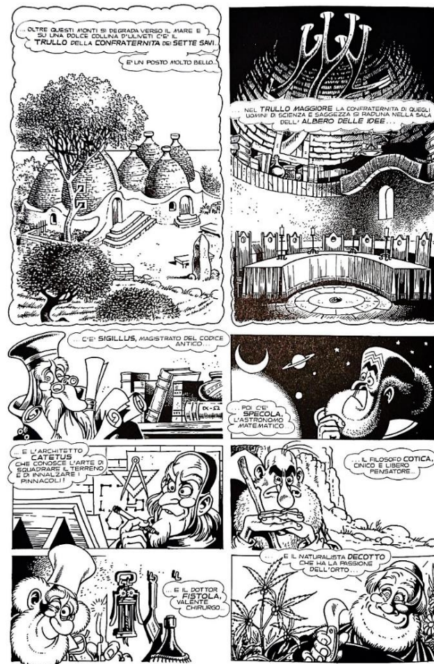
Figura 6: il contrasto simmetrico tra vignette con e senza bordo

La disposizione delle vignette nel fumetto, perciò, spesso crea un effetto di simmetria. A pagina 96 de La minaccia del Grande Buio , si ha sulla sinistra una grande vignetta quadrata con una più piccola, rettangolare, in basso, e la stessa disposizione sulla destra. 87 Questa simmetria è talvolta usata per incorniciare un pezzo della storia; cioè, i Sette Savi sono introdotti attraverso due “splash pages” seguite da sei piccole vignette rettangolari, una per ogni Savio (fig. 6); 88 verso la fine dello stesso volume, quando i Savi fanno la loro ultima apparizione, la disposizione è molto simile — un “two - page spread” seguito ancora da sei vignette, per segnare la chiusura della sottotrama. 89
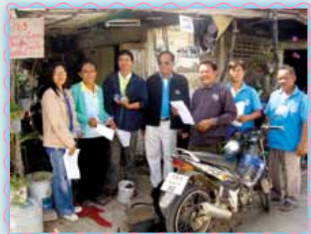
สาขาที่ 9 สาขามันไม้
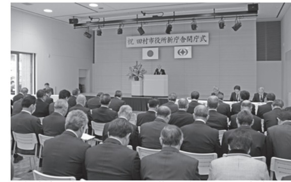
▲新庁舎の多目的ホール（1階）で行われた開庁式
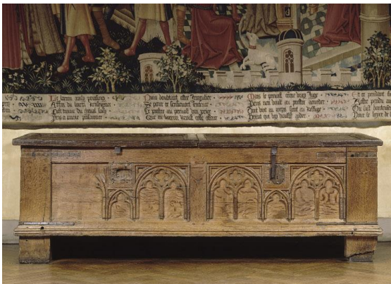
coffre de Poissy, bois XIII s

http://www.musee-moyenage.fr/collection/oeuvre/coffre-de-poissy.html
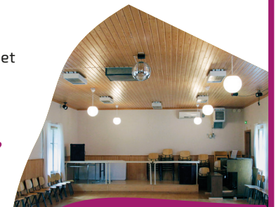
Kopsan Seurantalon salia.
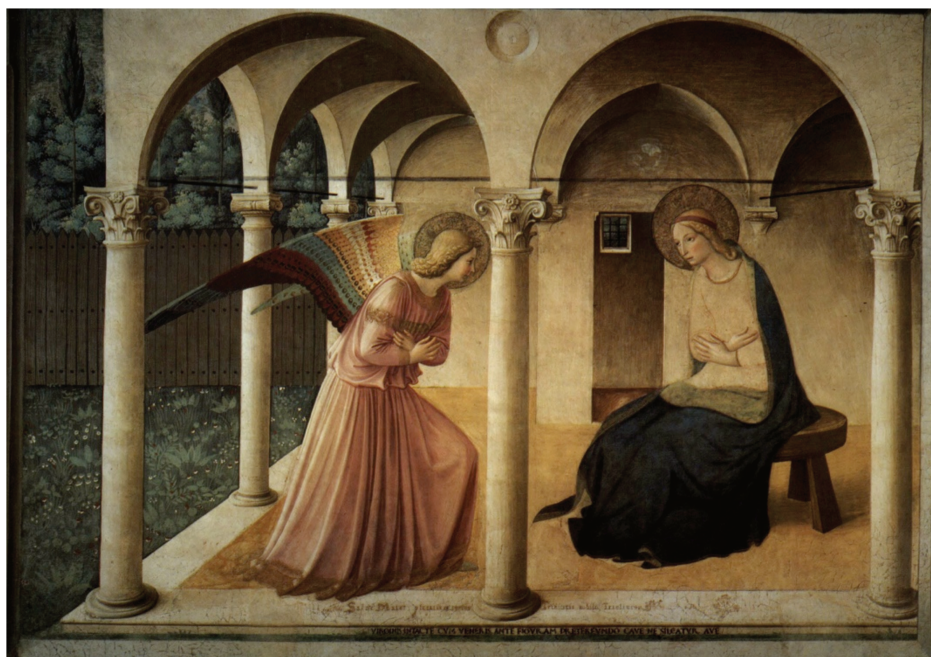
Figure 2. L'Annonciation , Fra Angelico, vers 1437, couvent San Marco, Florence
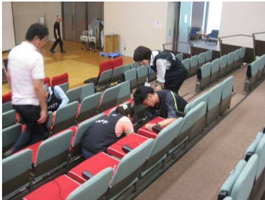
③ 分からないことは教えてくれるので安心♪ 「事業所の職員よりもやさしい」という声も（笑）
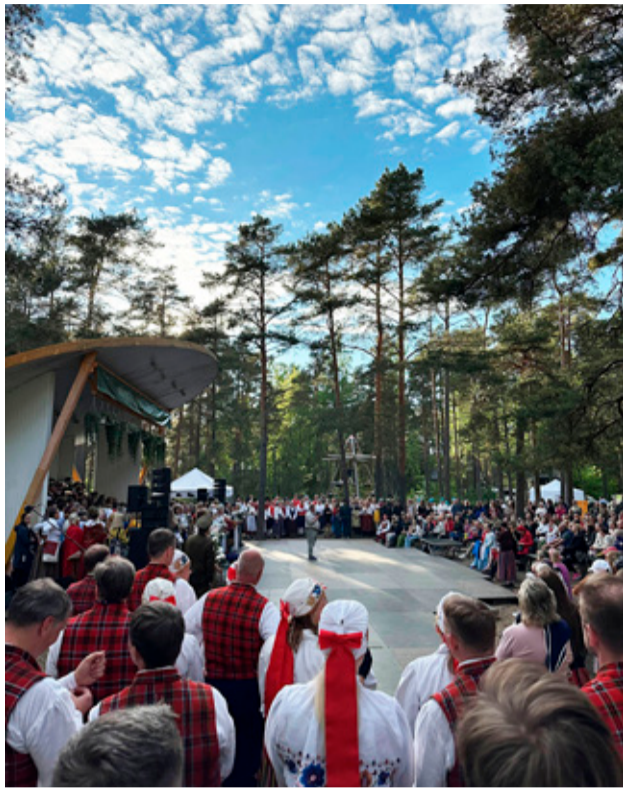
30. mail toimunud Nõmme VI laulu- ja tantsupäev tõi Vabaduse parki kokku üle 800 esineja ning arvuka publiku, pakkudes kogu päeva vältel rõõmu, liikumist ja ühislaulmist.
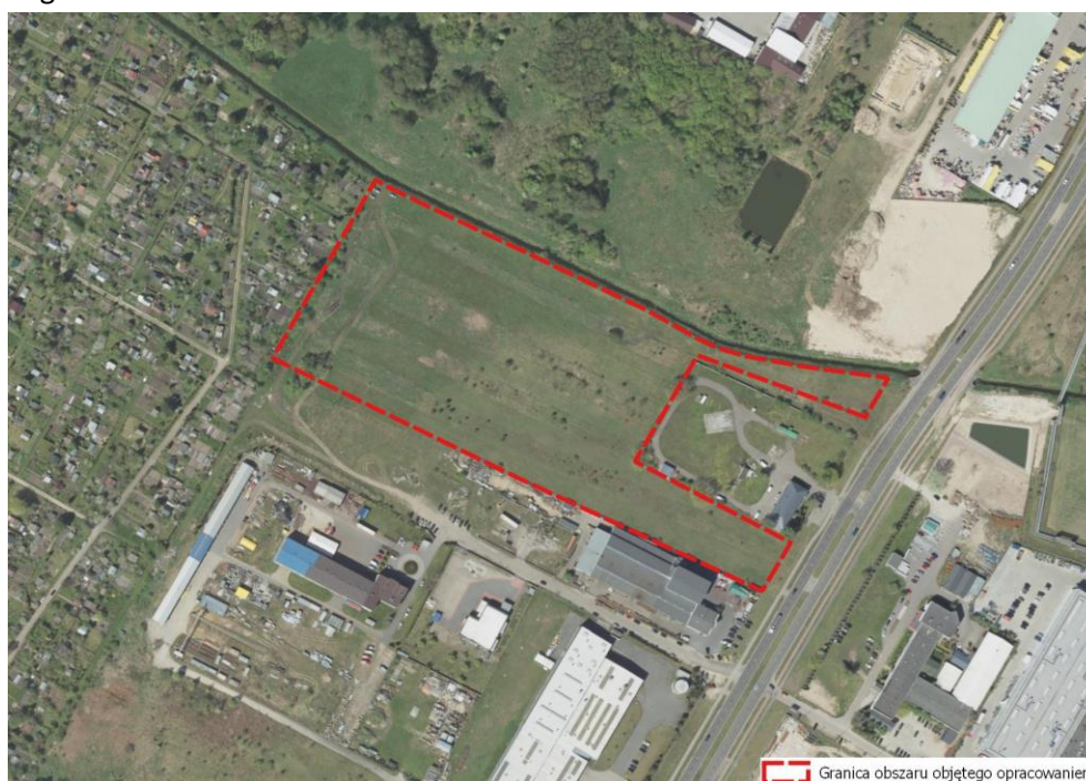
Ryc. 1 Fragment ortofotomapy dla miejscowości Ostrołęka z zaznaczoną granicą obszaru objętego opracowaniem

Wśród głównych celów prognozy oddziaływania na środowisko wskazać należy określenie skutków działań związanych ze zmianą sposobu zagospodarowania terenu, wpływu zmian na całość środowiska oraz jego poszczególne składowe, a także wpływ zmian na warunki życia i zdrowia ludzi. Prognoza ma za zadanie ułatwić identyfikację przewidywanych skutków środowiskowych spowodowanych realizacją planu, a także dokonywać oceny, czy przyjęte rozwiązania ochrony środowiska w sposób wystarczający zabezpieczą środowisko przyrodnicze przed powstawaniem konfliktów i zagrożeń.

---------------

## [Directions for this task]
Copy each line of the records that has "vignette" in it.

## [Exercise solution]
Figura 6: il contrasto simmetrico tra vignette con e senza bordo
La disposizione delle vignette nel fumetto, perciò, spesso crea un effetto di simmetria. A pagina 96 de La minaccia del Grande Buio , si ha sulla sinistra una grande vignetta quadrata con una più piccola, rettangolare, in basso, e la stessa disposizione sulla destra. 87 Questa simmetria è talvolta usata per incorniciare un pezzo della storia; cioè, i Sette Savi sono introdotti attraverso due “splash pages” seguite da sei piccole vignette rettangolari, una per ogni Savio (fig. 6); 88 verso la fine dello stesso volume, quando i Savi fanno la loro ultima apparizione, la disposizione è molto simile — un “two - page spread” seguito ancora da sei vignette, per segnare la chiusura della sottotrama. 89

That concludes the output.